Learning Dynamic and Personalized Comorbidity Networks from Event Data using Deep Diffusion Processes
Proceedings of the Twenty Third International Conference on Artificial Intelligence and Statistics, PMLR 108:3295-3305, 2020.
Comorbid diseases co-occur and progress via complex temporal patterns that vary among individuals. In electronic medical records, we only observe onsets of diseases, but not their triggering comorbidities — i.e., the mechanisms underlying temporal relations between diseases need to be inferred. Learning such temporal patterns from event data is crucial for understanding disease pathology and predicting prognoses. To this end, we develop deep diffusion processes (DDP) to model ’dynamic comorbidity networks’, i.e., the temporal relationships between comorbid disease onsets expressed through a dynamic graph.
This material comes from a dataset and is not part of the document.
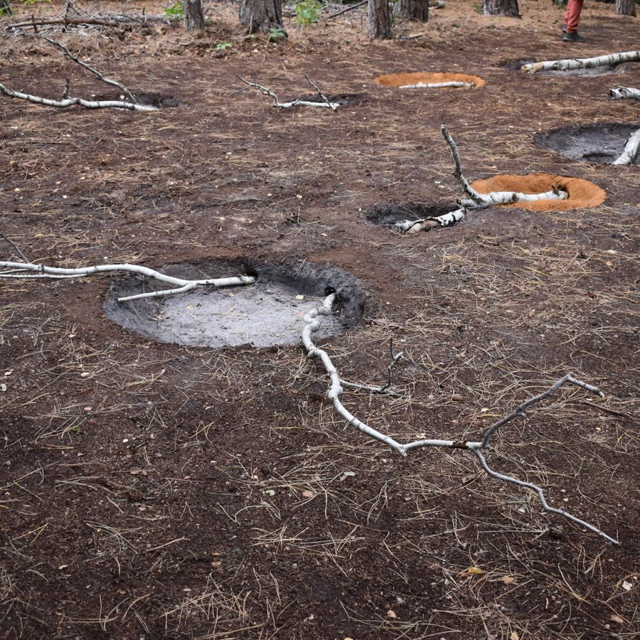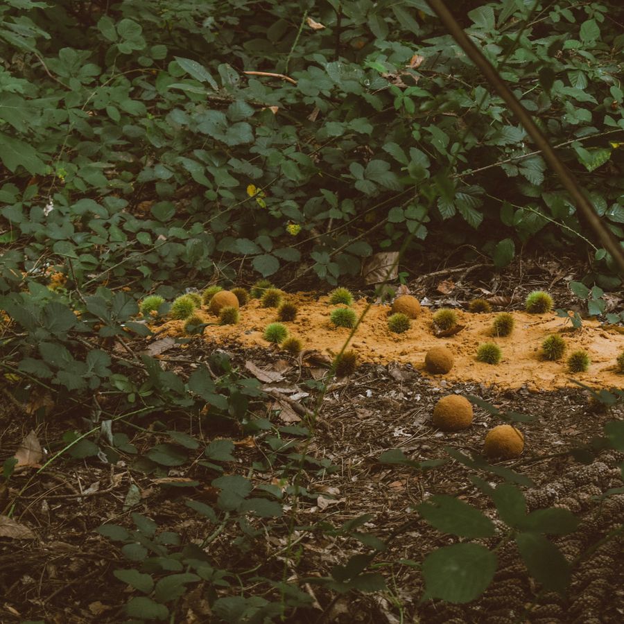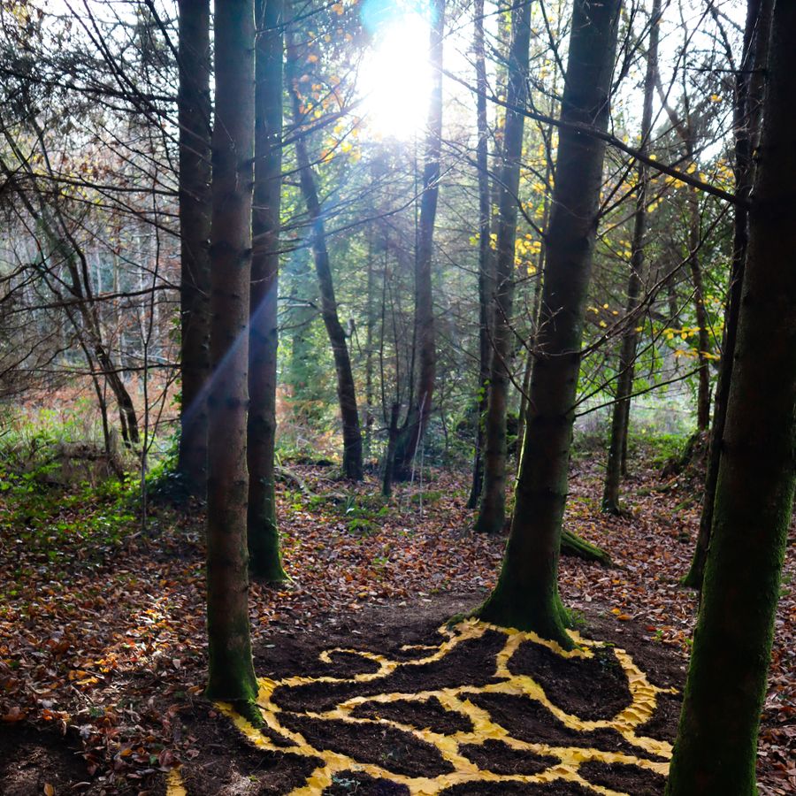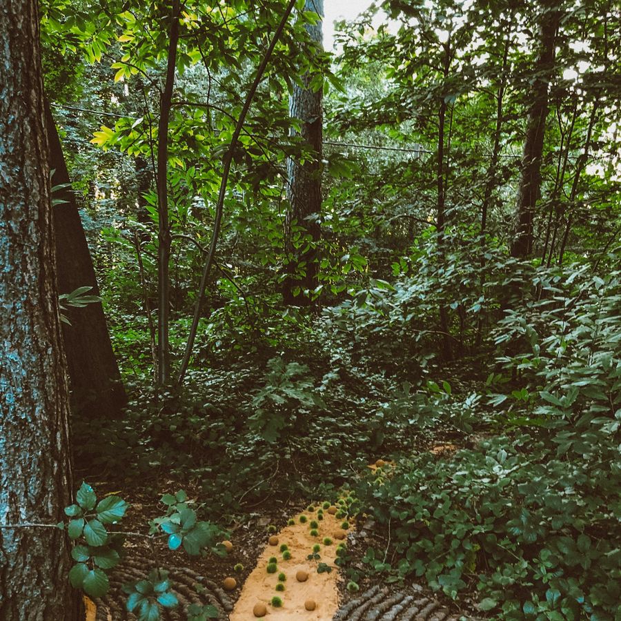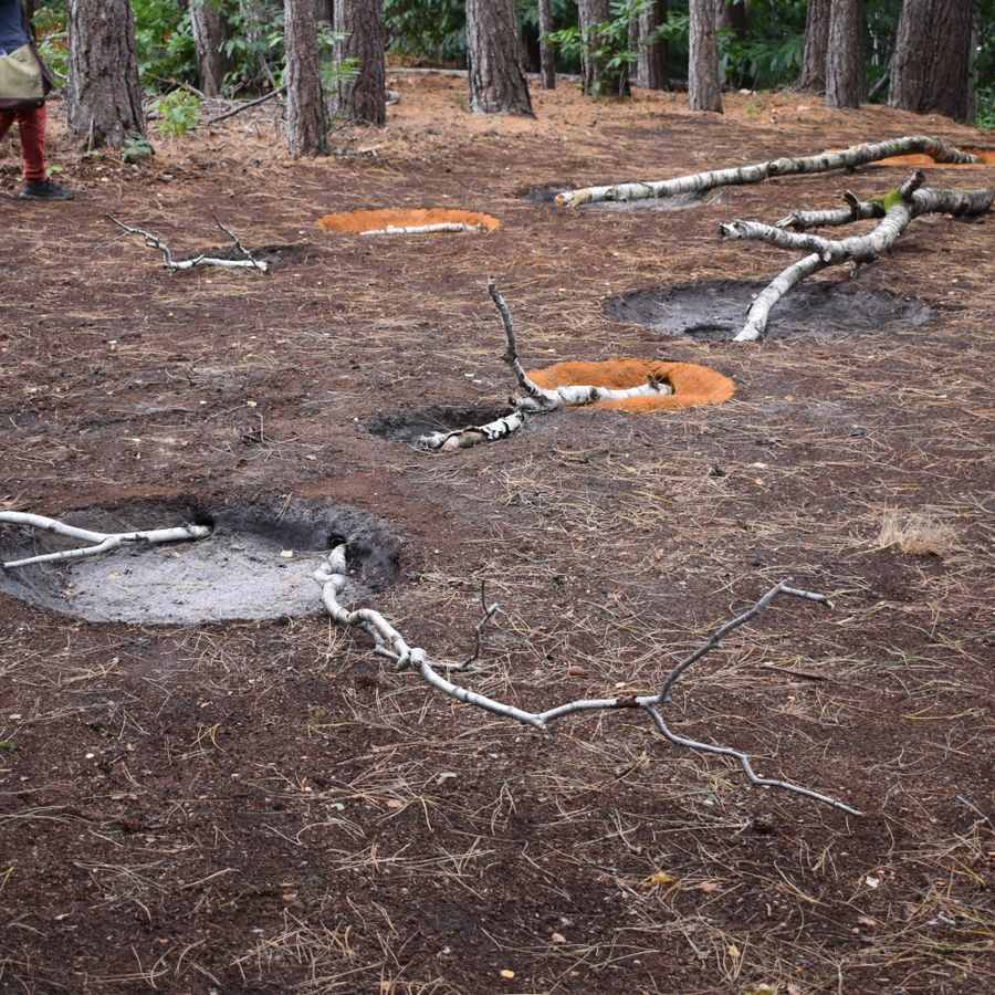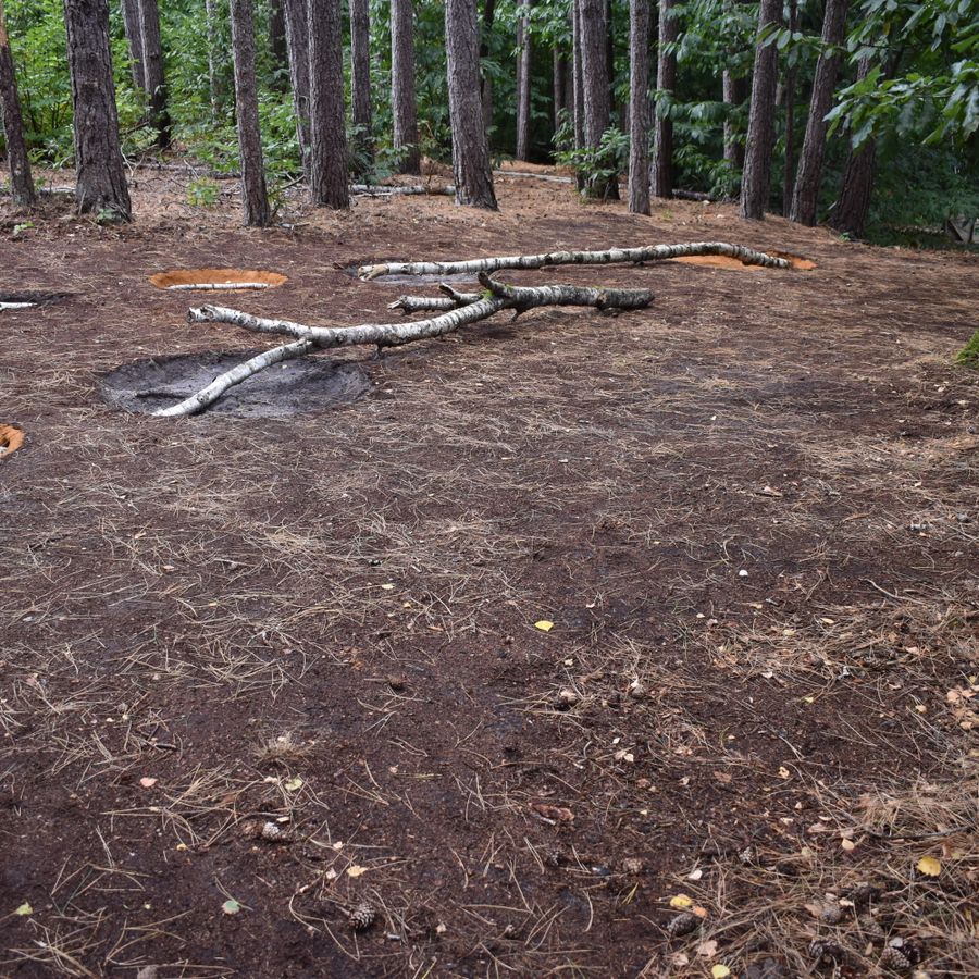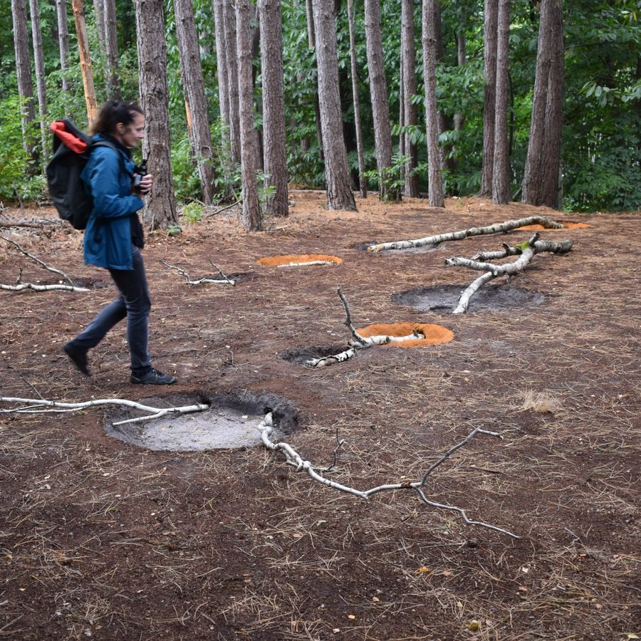 Ik ben gefascineerd door hoe de dennenbomen hun schaduw werpen op het werk, dat bestaat uit geometrische elementen zoals ingeboogde cirkels, rechte lijnen van boomstammen die door de grond steken, en contrasterende kleuren. Ook het idee van een drempel inspireerde me—een liminale ruimte waar naaldbomen en loofbomen elkaar ontmoeten. Zo ontstaat een plek waar twee werelden van het bos samenkomen.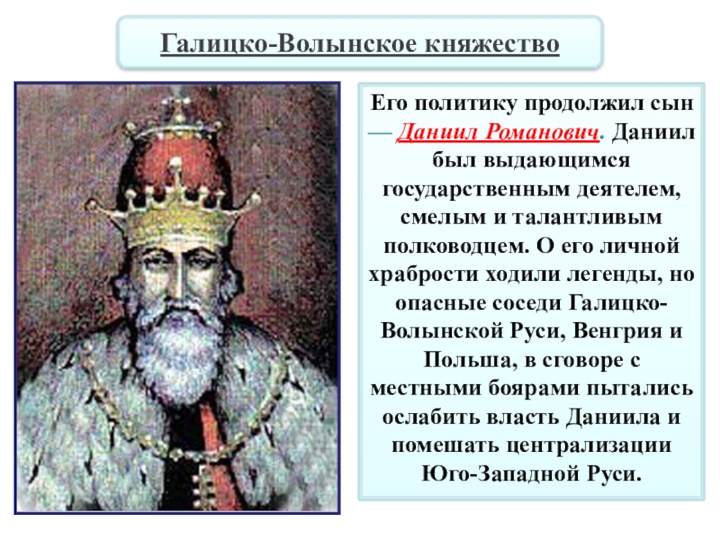 деятелем, смелым и талантливым полководцем. О его личной храбрости ходили легенды, но опасные соседи Галицко-Волынской Руси, Венгрия и Польша, в сговоре с местными боярами пытались ослабить власть Даниила и помешать централизации Юго-Западной Руси.

A DDP comprises events modelled as a multi-dimensional point process, with an intensity function parameterized by the edges of a dynamic weighted graph. The graph structure is modulated by a neural network that maps patient history to edge weights, enabling rich temporal representations for disease trajectories. The DDP parameters decouple into clinically meaningful components, which enables serving the dual purpose of accurate risk prediction and intelligible representation of disease pathology. We illustrate these features in experiments using cancer registry data.